◆ EXERCISE DIRECTIONS
Everything in the listing below should be written out again exactly, except the pictures.

◆ EXERCISE DATA
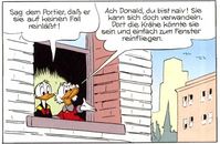 Dagobert schaut hier ebenfalls aus einem Fenster in einer Wohngegend.
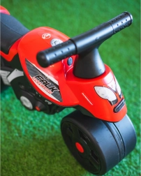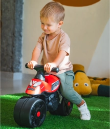 De rode FALK Racing loopmotor is een uitstekende keuze voor de eerste zelfstandige ritjes. Dankzij de brede wielen is hij zeer stabiel op diverse ondergronden en het draaibare voorwiel maakt manoeuvreren eenvoudig, ook in kleinere ruimtes. De hoogwaardige afwerking van zeer duurzaam kunststof is bestand tegen dagelijks spelen, zowel binnen als buiten.
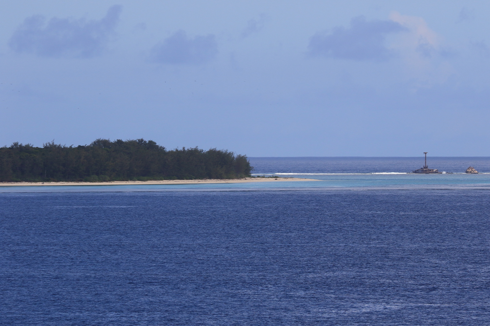 パプアニューギニアジョマード水道は狭い海域の浅瀬に沈没船のマストが見えていた。浅瀬はエメラルドグリーンの美しい風景でした。ソロモン海は太平洋南西部の海。パプアニューギニア近隣海域である。ニューギニア島の東に位置し、北はニューブリテン島、東はソロモン諸島に囲まれ、南は珊瑚海に開けている。海域南西部にはダントルカストー諸島やトロブリアンド諸島がある
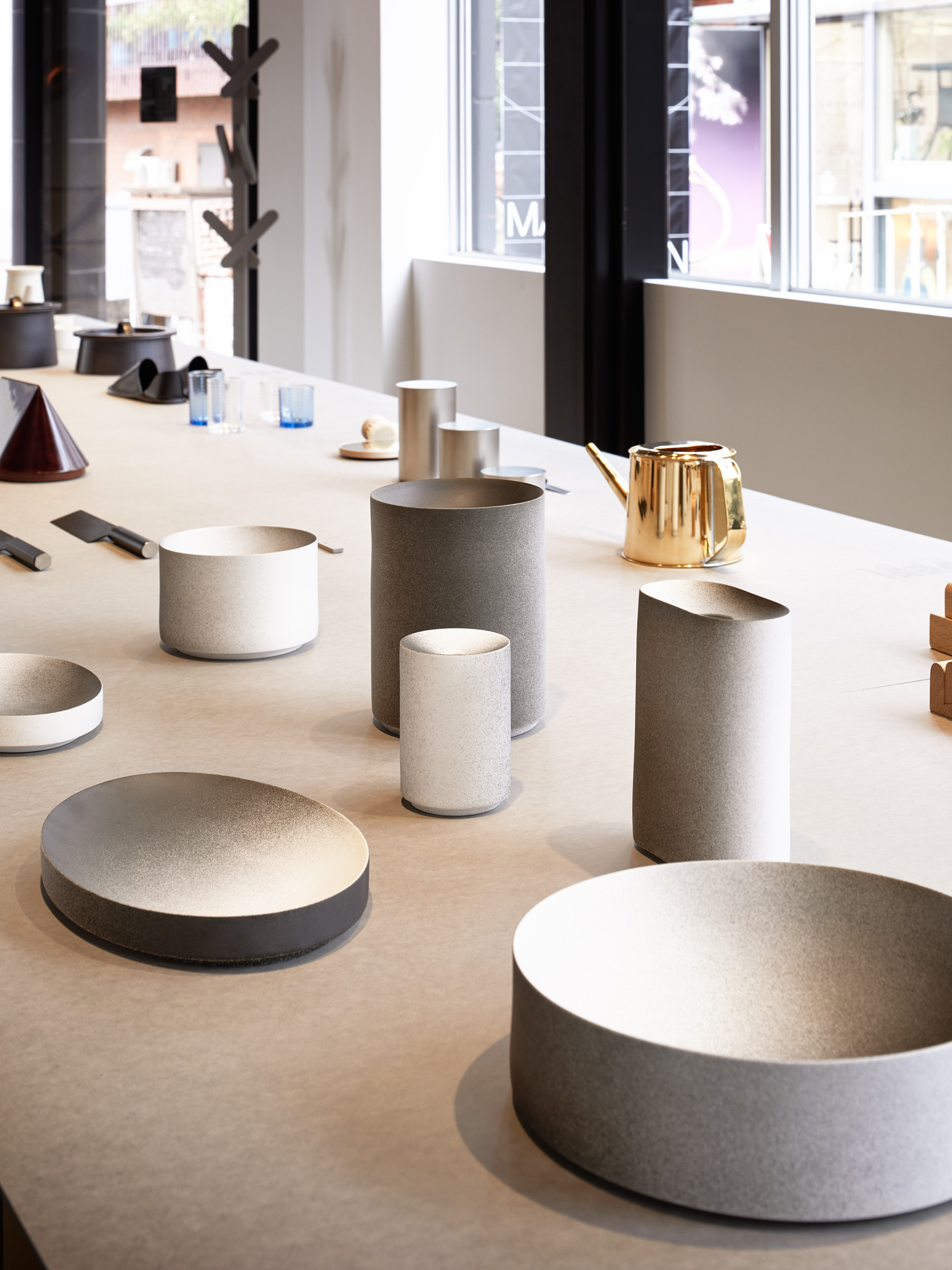“Swiss Design / Made in Japan”, an exhibition to introduce Swiss design created domestically in Japan, was held at Meiji-Jingu Mae. A collaboration of handmade Arita pottery and sophisticated Swiss design was displayed (photo below). There were also products using Wajima lacquer and Japanese blacksmith, leading us to experience high-level techniques by Japanese artisans. This venue will turn into Swiss House during the Olympic Games Tokyo 2020, to offer Swish cultures and experiences.

◆ RESULT
 Dagobert schaut hier ebenfalls aus einem Fenster in einer Wohngegend.
 De rode FALK Racing loopmotor is een uitstekende keuze voor de eerste zelfstandige ritjes. Dankzij de brede wielen is hij zeer stabiel op diverse ondergronden en het draaibare voorwiel maakt manoeuvreren eenvoudig, ook in kleinere ruimtes. De hoogwaardige afwerking van zeer duurzaam kunststof is bestand tegen dagelijks spelen, zowel binnen als buiten.
 パプアニューギニアジョマード水道は狭い海域の浅瀬に沈没船のマストが見えていた。浅瀬はエメラルドグリーンの美しい風景でした。ソロモン海は太平洋南西部の海。パプアニューギニア近隣海域である。ニューギニア島の東に位置し、北はニューブリテン島、東はソロモン諸島に囲まれ、南は珊瑚海に開けている。海域南西部にはダントルカストー諸島やトロブリアンド諸島がある
“Swiss Design / Made in Japan”, an exhibition to introduce Swiss design created domestically in Japan, was held at Meiji-Jingu Mae. A collaboration of handmade Arita pottery and sophisticated Swiss design was displayed (photo below). There were also products using Wajima lacquer and Japanese blacksmith, leading us to experience high-level techniques by Japanese artisans. This venue will turn into Swiss House during the Olympic Games Tokyo 2020, to offer Swish cultures and experiences.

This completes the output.